再建案によると、米GMは2018年中に韓国GMへの貸付金28億ドルを優先株に転換する。さらに36億ドルを新規融資などで資金提供する。

韓国GMは36億ドルのうち、28億ドルを今後10年間の設備投資や研究開発にあて、8億ドルを早期希望退職に応募した従業員の退職金などに使う。債務の株式化で自己資本を拡充し、経営を安定させる。

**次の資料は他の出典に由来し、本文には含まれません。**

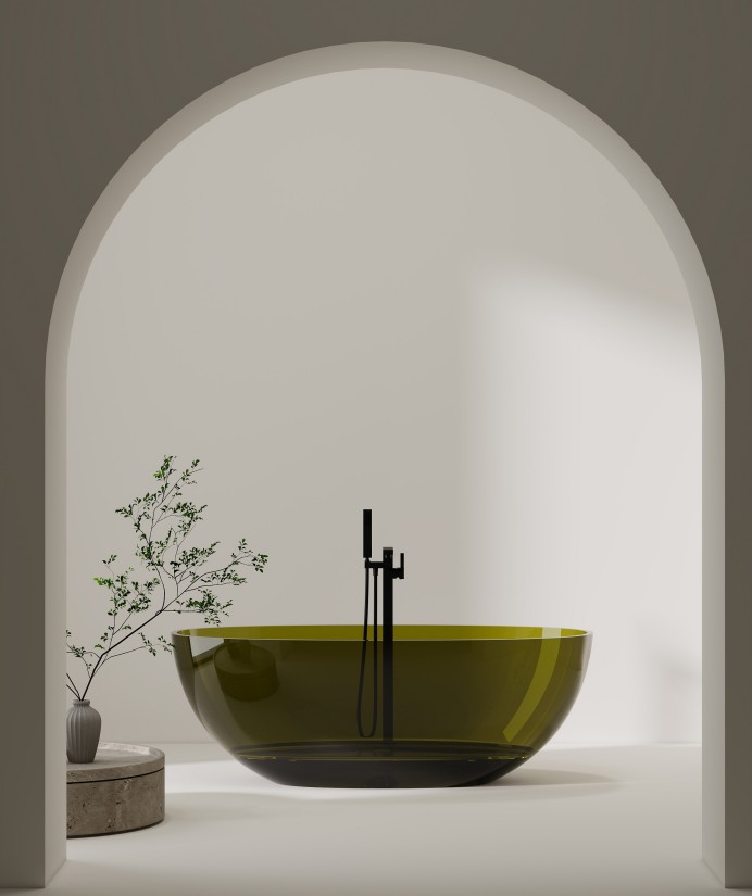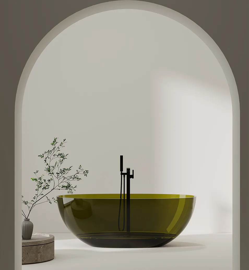 Crafted from transparent resin, the material's translucency preserves visual lightness while infusing the space with powerful artistic tension through its color. The resin's crafting properties enable this rounded, bowl-like form with a mirror-smooth surface, combining durability with distinctive visual appeal. Its minimalist geometric hemispherical silhouette breaks from traditional bathtub designs, featuring fluid lines and sculptural presence reminiscent of contemporary art installations. Pairing with a matte black metal faucet creates a striking “color + material” contrast. This enhances the crisp modern minimalism while generating a light luxury ambiance through color collision, making it suitable for diverse spatial styles like wabi-sabi, minimalist, and art-inspired mansions. It fulfills bathroom functionality while serving as a core carrier for elevating the artistic tone of the space, delivering an immersive aesthetic bathing experience for users.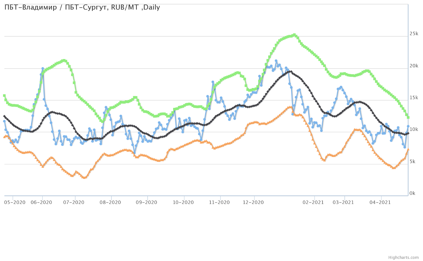 Разница цен между ПБТ на базисе Владимир и ПБТ на базисе Сургут (Ханты-Мансийский а.о.).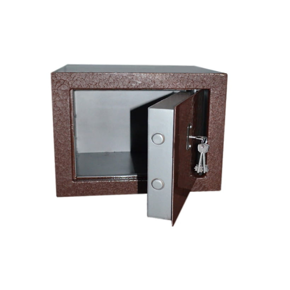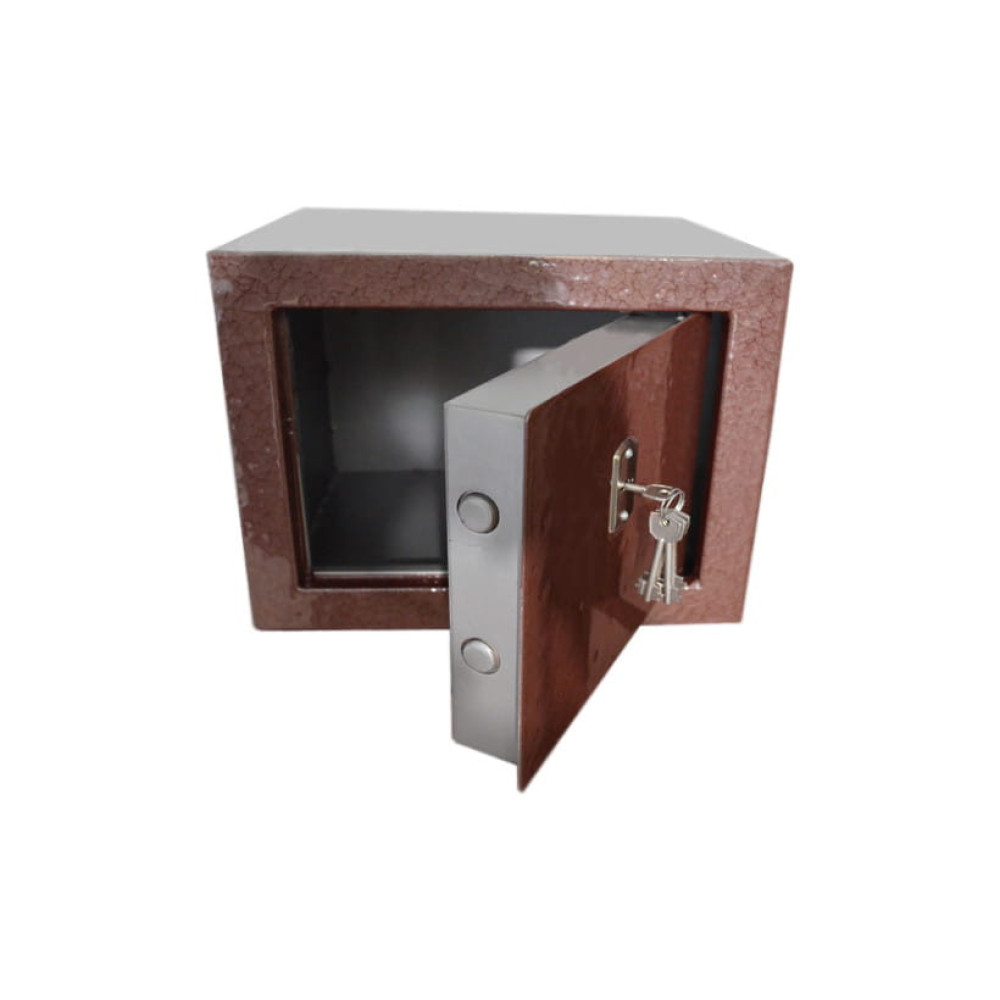 Офисный сейф окрашен краской с молотковым и перламутровым эффектом. Покрытие износостойкое, удобное в эксплуатации, защищает сейф от коррозии. Стандартный цвет: коричневый. Возможно окрашивание в другие цвета по согласованию.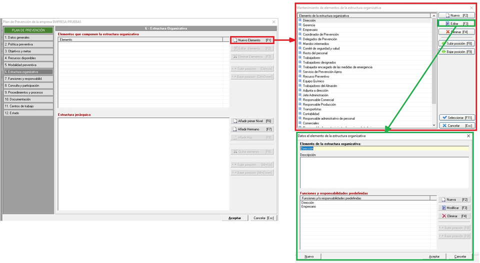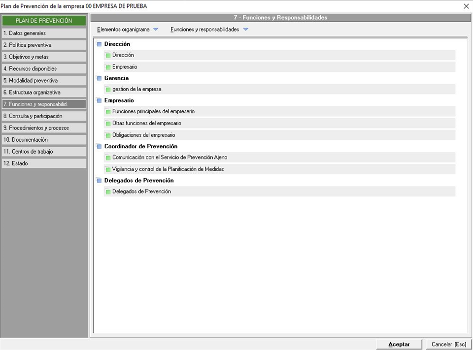 Dentro de este apartado vamos a introducir las funciones y responsabilidades en función de los elementos que hayamos insertado en el apartado anterior, dentro de la estructura organizativa. Recordemos, tal y como vimos en este punto, que los elementos que componen la estructura organizativa pueden estar relacionados, en el mantenimiento, con las funciones y responsabilidad propias.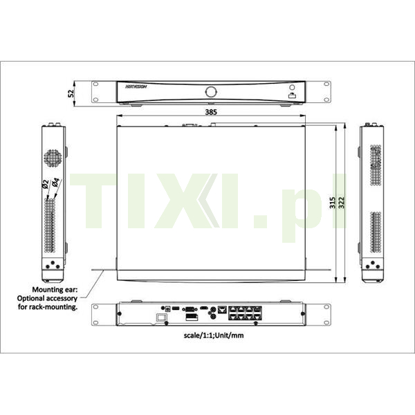 | Wyjście VGA | 1 kanał: 1920×1080/60 Hz, 1280×1024/60 Hz, 1280×720/60 Hz |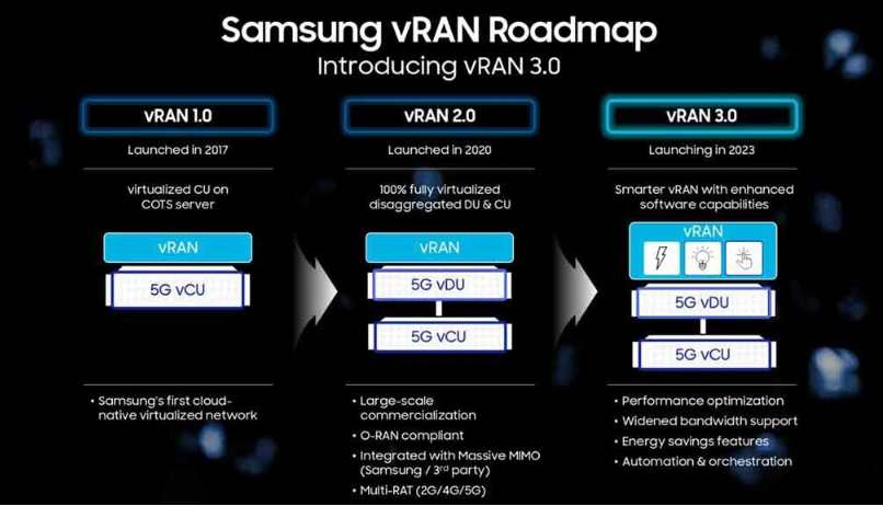 三星的 vRAN 3.0 具有先進的功能 / 特性,包括增加對大規模 MIMO 無線電的帶寬支持、分析每小時流量模式以優化網絡運行條件,以及使用“睡眠模式”(sleep mode)自動化網絡以節省能源消耗。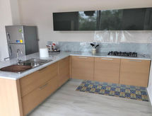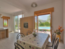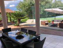 4-pokojowa willa 160 m2. Wygodne i gustowne umeblowanie: salon/jadalnia z 1 dwuosobową kanapą i TV (satelitarna) (TV z płaskim ekranem). 1 pokój 2-osobowy z prysznicem/bidetem/WC i TV (TV z płaskim ekranem), klimatyzacją. 2 pokoje z 2 łóżkami bliźniaczymi, każdy pokój z TV (TV z płaskim ekranem), klimatyzacją. Kuchnia (5 palników, piekarnik, zmywarka do naczyń, kuchenka mikrofalowa, zamrażarka). Prysznic/bidet/WC. Leżaki. Widok na basen, na ogród i na okolicę. Do dyspozycji: pralka, żelazko, krzesełko dla dziecka, łóżko dla dziecka do 2 lat, suszarka do włosów. Internet (bezprzewodowy LAN [WLAN], gratis). Miejsce parkingowe (2 samochody).- udogodnienia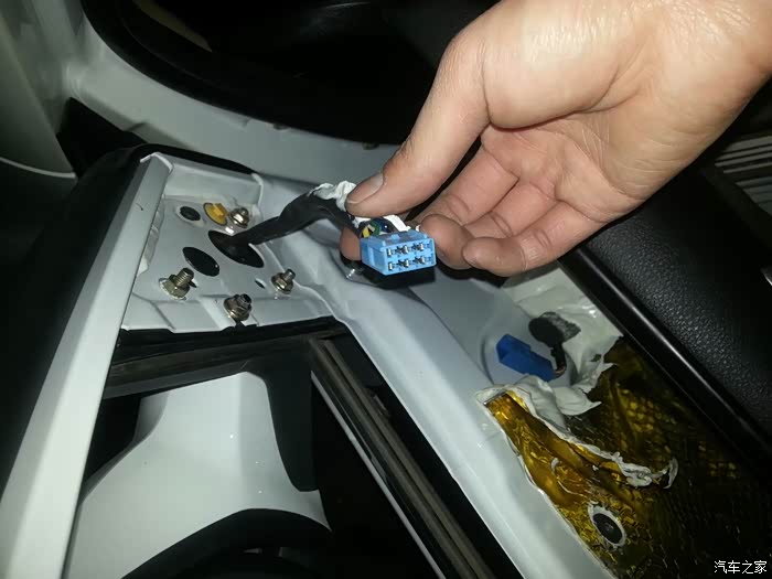 换音响换的,把止震板都撕开了,蓝色的就是后视镜控制线,h6后视镜一种5线的,一种6线的,带加热的就是6线,不带的就是5线的,买的时候要注意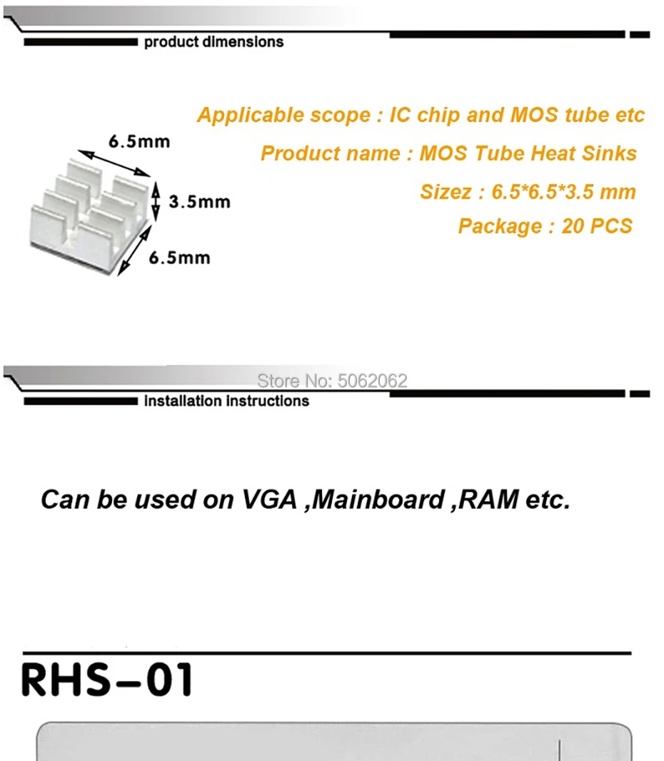 Comprar Pccooler-disipador de calor RHS-01 MOS, enfriador pequeño de chip IC, tarjeta gráfica silenciosa de aluminio puro, radiador GPU VGA RAM, 20 Uds.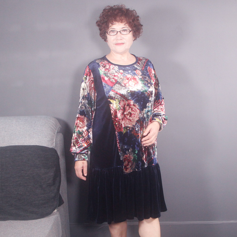中老年春秋印花丝绒长袖连衣裙加大码胖妈妈款宽松显瘦中长款上衣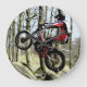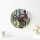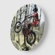 A poster effect design of a motorcycle trials bike and rider in mid air, in red white and black, with a green and blue background of trees and rocks. The clock face has black and white numbers and dots.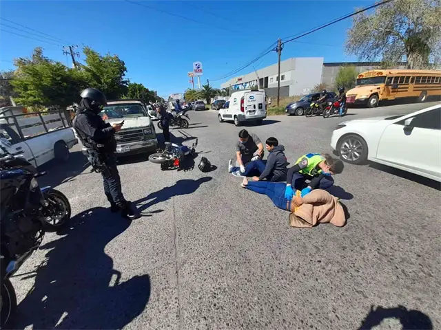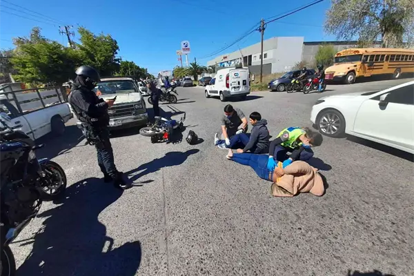 El incidente se registró esta tarde sobre el bulevar 10 de Mayo y la calle Ángel Flores, en la colonia Jiquilpan; entre una motocicleta Italika, de color azul, modelo 2019, sin placas de circulación y una camioneta pick-up modelo 1990, de color verde, con placas de circulación UK-820-89 del estado de Sinaloa.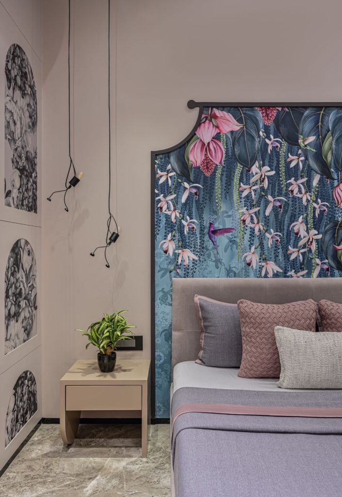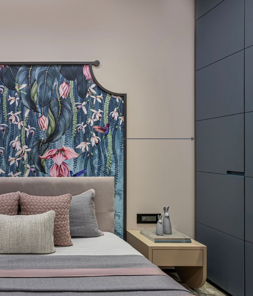 The TV unit is designed with Matt Marica finish and includes a metallic sleek niche unit, providing both aesthetic appeal and functional storage. This carefully curated combination of materials and finishes reflects a thoughtful approach to creating a harmonious and stylish bedroom environment. The overall design balances modern trends with practical needs, resulting in a refined space tailored to Mr. Vrath Seth’s taste and lifestyle.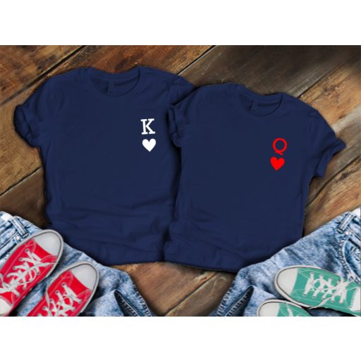 A „K és Q” sötétkék páros pólószett elegáns,mégis játékos darab szerelmespároknak. A navy alapszín és a fehér grafikatökéletes harmóniát alkot. A pólók 100% pamutból készülnek, kellemestapintásúak és jól szellőznek. A szabás kényelmes, klasszikus fazon. A mintaszívvel és koronával díszített, egyszerre jelképezi az összetartozást és aszeretetet. Könnyen mosható, nem fakul. Rendelés előtt mindig ellenőrizd amérettáblázatot. Ha valamelyik méret hiányzik, írj a webshop@sateam.hu-ra. Ajándéknak iskiváló, mert egyszerre letisztult és kifejező.

一方、韓国GMの2位株主で韓国政府系の産業銀行は年内に7億5000万ドル分の優先株を取得する。優先株は議決権がないため、韓国GMに対する出資比率は米GMが83%、韓国GMが17%で変わらない。韓国政府は米GMが求めていた韓国GMに対する税金の減免措置を検討する。

グループの欧州と新興国向け輸出拠点である韓国GMは、米GMの独オペル売却などの影響で工場稼働率が低下している。17年までの4年間で3000億円超の最終赤字を計上した。米GMは工場稼働率を改善するため、競争力のある新車2車種の生産を韓国GMに割り振る。

米GMは今年2月以降、韓国GMの法的整理に言及しながら、労働組合に対してコスト削減案を受け入れるよう迫った。労組が4月下旬にコスト削減を受け入れたのを機に、米GMも韓国投資に前向きに転じ、10日の合意につながった。

グローバルで構造改革を進めるGMが韓国法人維持を決断したことについて、韓国ではGMの戦略小型車の開発に韓国法人が欠かせないためとの見方がある。